I difetti stanno soprattutto nella qualità della scrittura. In qualche caso l’idea di fondo può anche essere interessante, ma la scrittura fa cascare il palco. Per esempio, parlando di racconti e romanzi per ragazzi, l’uso di frasi esageratamente complicate, sovrabbondanti, che anche per un lettore adulto sarebbero difficili da digerire, e in generale l’aver poco chiaro il pubblico a cui ci si rivolge e il registro da adottare di conseguenza nella scrittura.
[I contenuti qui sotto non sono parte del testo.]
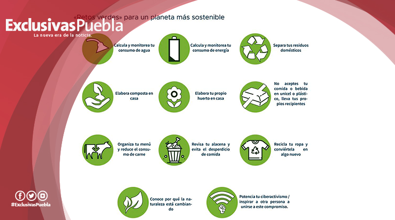 La iniciativa arranca este martes 8 de febrero y entre los eco retos destacan el cálculo de la huella ambiental, separación de residuos domésticos, elaboración de composta, creación de tu propio huerto en casa, organización de menús para reducir el consumo de carne, y cómo usar los propios recipientes para evitar el empleo de plástico o unicel, entre otras acciones vinculadas al cuidado del medio ambiente.

Estendendo il discorso anche alla letteratura per adulti (anche se al momento non prendiamo in considerazione narrativa italiana che non sia per ragazzi…) arrivano troppi testi che ci sembrano puramente autoreferenziali. Va benissimo scrivere per se stessi, ma se il risultato è qualcosa che nessun altro avrebbe interesse a leggere, forse non è il caso di aspirare a pubblicarlo…

E nella lettera che accompagna l’elaborato?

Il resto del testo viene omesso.